I suppose the only obvious difference between the two is that Bashar made it to the top and Seif is unlikely to do so. Bloody good luck for the Libyans. Not so good for the Syrians.

  1. Daniel
    March 2, 2011 at 1:27 pm

    You’re on the Guardian.

  2. Abu Hussain
    March 2, 2011 at 2:20 pm

    Interesting article, i followed the link from the Guardian haha! A question for you if you’re around. I hadn’t seen the parallel before but it does seem you’re right. If there were a Syrian uprising, a revolution, i pray it will be peaceful, but if it isn’t, do you think Bashar has the charismatic presence to be able to stand on top of a tank to rally troops? I’m amazed at the level of support the Gaddafis still hold in Libya, that there are people willing to die for them. I could imagine it being true for Hafez, but for Bashar? He may have a heart of steel, but would he command the loyalty of troops in this situation? i doubt it.

  3. March 2, 2011 at 6:21 pm

    Thanks Abu Hussein for visiting my blog.

    I don’t think it’s a question of personal charisma. Seif is not particularly charismatic. It’s more of an issue of “group solidarity”, what Ibn Khaldun calls “asabiya” (Ar: عصبية). Gaddafi’s forces are hand-picked from tribes that have been well looked after by his regime. These has so far chosen to remain loyal to him because they feel that their destiny is linked to Gaddafi’s.

    In Syria, the group solidarity is not tribal but sectarian. The Alawite minority who dominate the security forces and elite army unites are likely to remain loyal to Bashar whether he is a charismatic leader who can deliver a speech on top of a tank or not.

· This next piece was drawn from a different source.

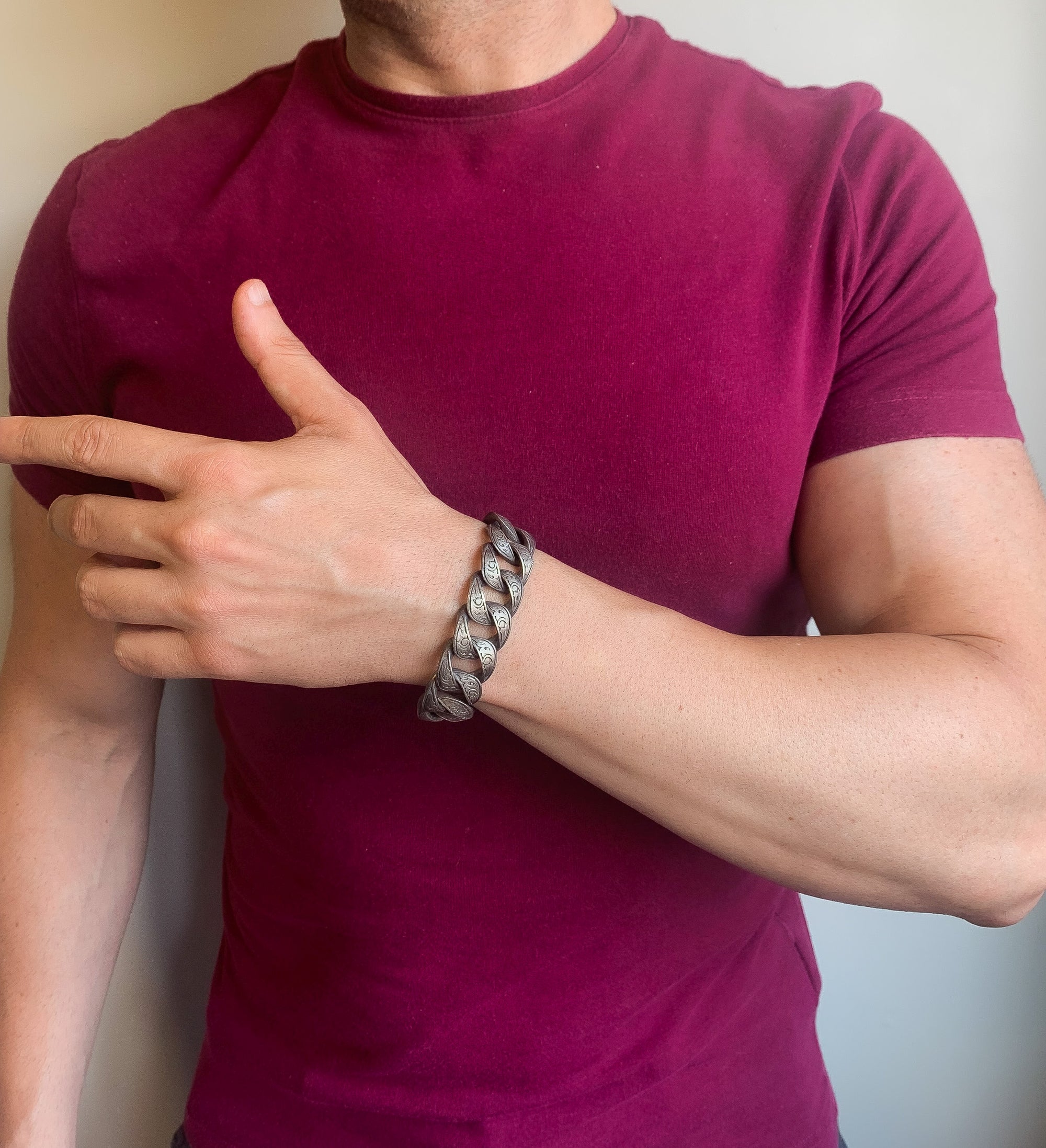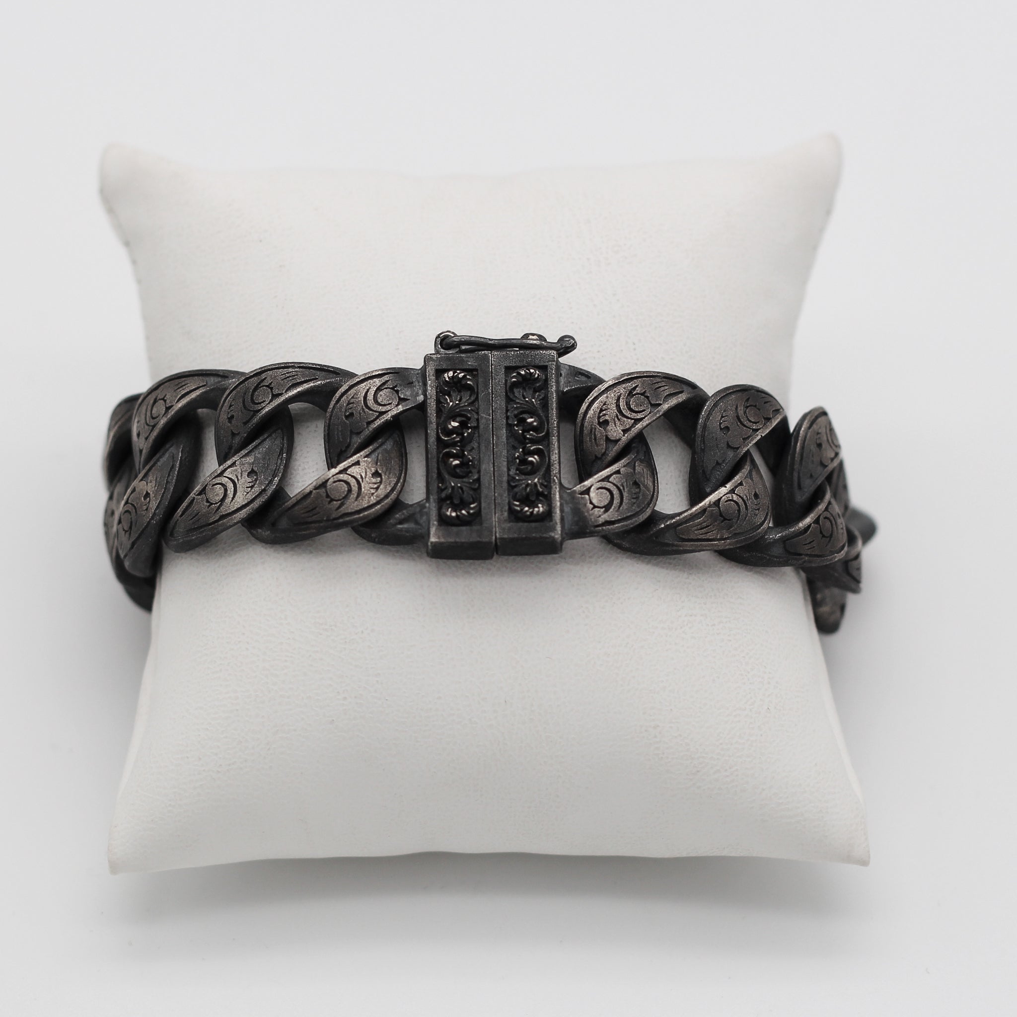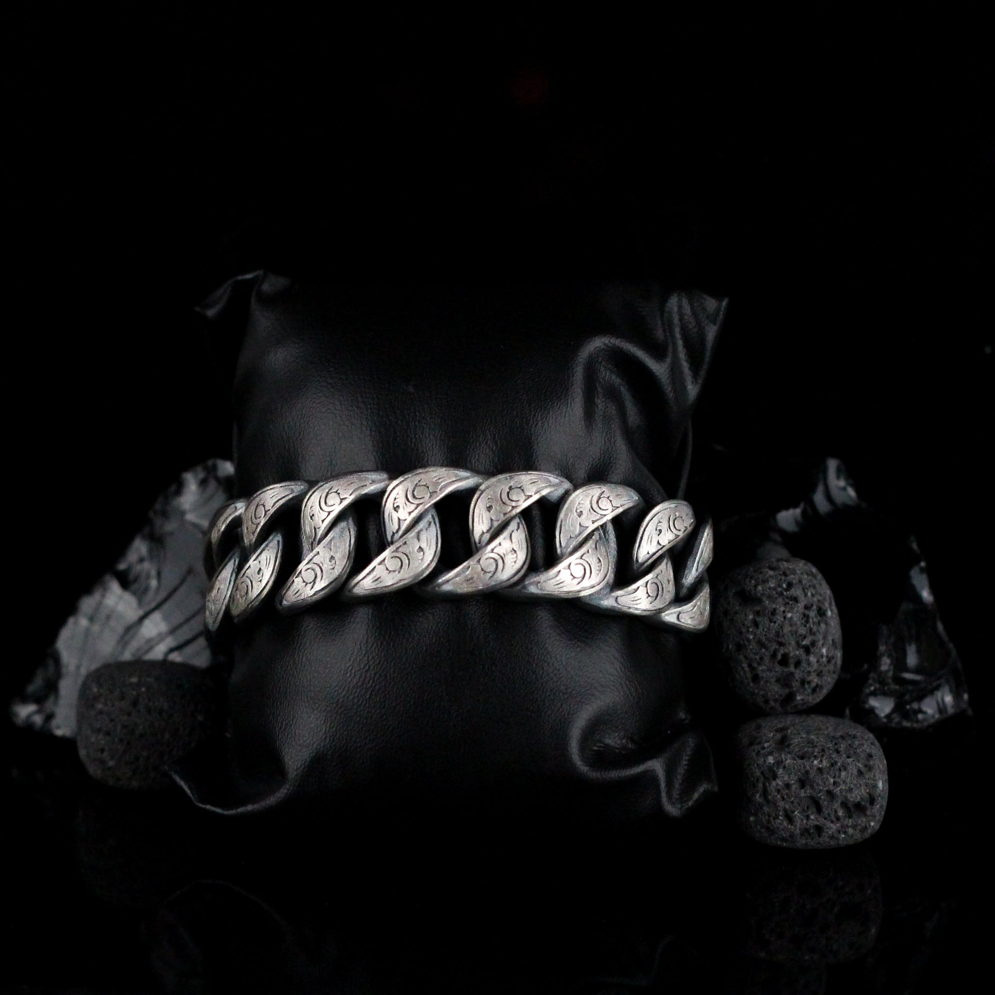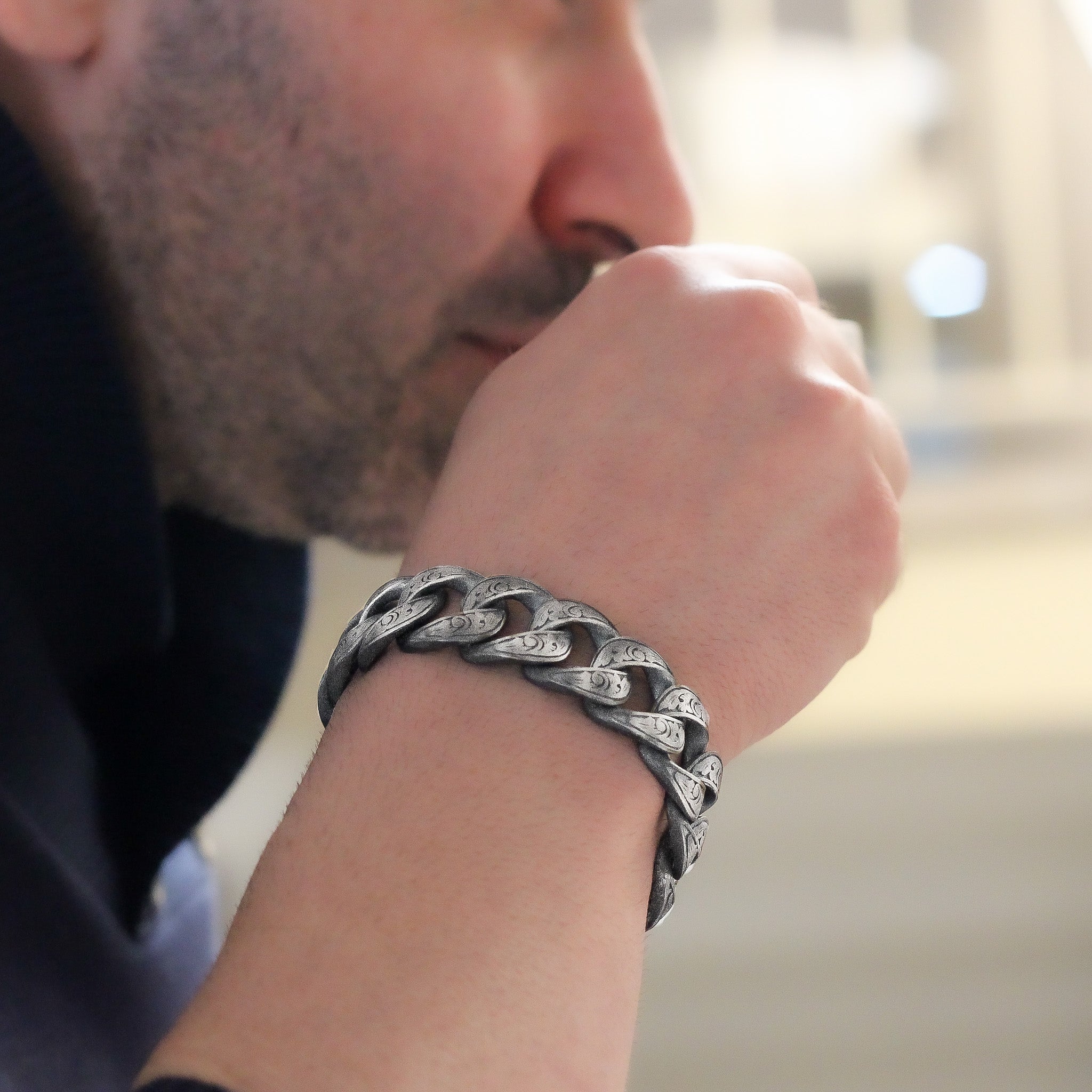Elevate your look with the Sterling Silver Men’s Engraved Bracelet, a striking blend of artistry and resilience. Each bold chain link is etched with intricate patterns, creating a design that’s as durable as it is refined. Handcrafted from solid 925 sterling silver, this bracelet embodies timeless masculinity—making it the perfect choice for everyday wear or special occasions when you want to command attention with understated sophistication.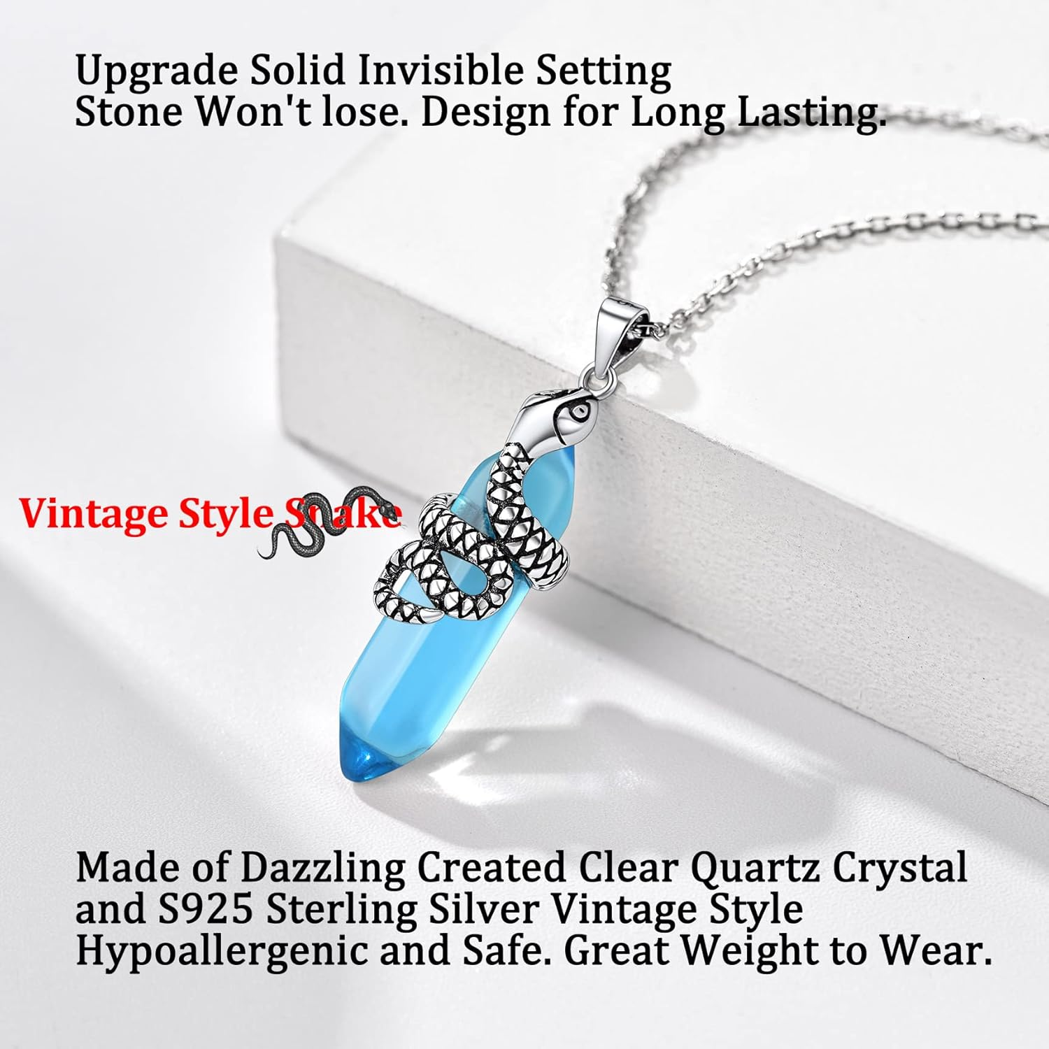 Crystal Necklace Sterling Silver Olive Leaf/Snake Wrap Clear Quartz Birthstone Pendant with Dainty Silver Rolo Chain, 18"+2", Great Birthday Gift for Women Girls Product Description Stylish Snake Necklace, Every Day Wear Jewelry Vintage Sterling Silver Snake Wrap Crystal, Exquisitely Made , Gothic and Unique Bezel Setting, Invisible and solid, stone wont lose. High Polish comfort fit, every day wear jewelry As Healing Crystal Necklace, Birthstone Necklace Gift, Party Necklace, Dainty Casual Necklace Metal stamp 925 Sterling Silver Chain Rolo Gem Type created aquamarine Color 03.Snake Wrap Hexagon Aquamarine-March Material Sterling Silver Metal Sterling Silver Model number BTP27159V-3-EUB Setting Invisible Department boys Number of stones 1 Clasp Lobster Manufacturer Jewelry (n/a) Shipping from the USA All of our products are shipped from the USA, ensuring quick delivery to your destination. Payment We offer the following payment methods: PayPal, credit card, bank transfer, and eBay's secure payment system. Free Shipping & Free Returns Shipping within the USA is FREE. Additionally, any return is absolutely free for you. Risk-Free Purchase You have the option to return an item within 30 days without any justification. We cover the return shipping costs! Fast Shipping We ship immediately upon receipt of payment. Generally, the package is delivered within 2-3 days in the USA. If it takes longer, we will contact you. Quality and Costs Made in Europe, USA, China No customs fees or additional charges Total satisfaction guarantee Invoice with declared VAT available upon request in .pdf format Feedback Your feedback is very important to us. After you pay for your purchase, you will automatically receive positive feedback from us.

Interestingly though, I had a long chat with a well-informed Syrian from the Alawite community who said that a lot of clans within the sect are begining to feel disillusioned with Assad’s leadership. I’ll post something specific about that soon.

  4. Richard Wills
    March 2, 2011 at 9:25 pm

    During the last couple of months, it strikes me as odd that no one has pointed out the similarities between the present rebellions sweeping across North Africa and the fall of the Soviet Union. When Siberian legislator Boris Yeltsin leaped on top of that tank and ordered the soldiers to fire on the congress buildings being held by the Communist revanchists.

    As for Syria, the next few years will see the usual handwringing, cringing, crocodile tears by the western powers as their investments in corruption blow up in the natives faces. The Alawite minority is (historically) hated as heretics by all the other Moslem cults. If the other tribes gain access to weaponry, the Alawites will be slaughtered.

    Which brings us to their alliance of convenience with Iran and the Shiite cults throughout Lebanon and Iraq. If the Alawites are foolish enough to fail to dominate, their partners in crime will certainly suffer likewise at the hands of an enraged Sunni majority. Thus the prospect of Iran invading Iraq to rescue their fellow Shiites and maybe the Alawites. That once more the Iranian empire stretching to the Mediterranean.

  5. aaz
    March 3, 2011 at 1:15 pm

    I agree entirely with this article. These monsters with angelic faces are profoundly ignorant, hypocritical and dangerous. That shows you the power of propaganda and brain washing El-Gaddafi has over his subjects and especially his children.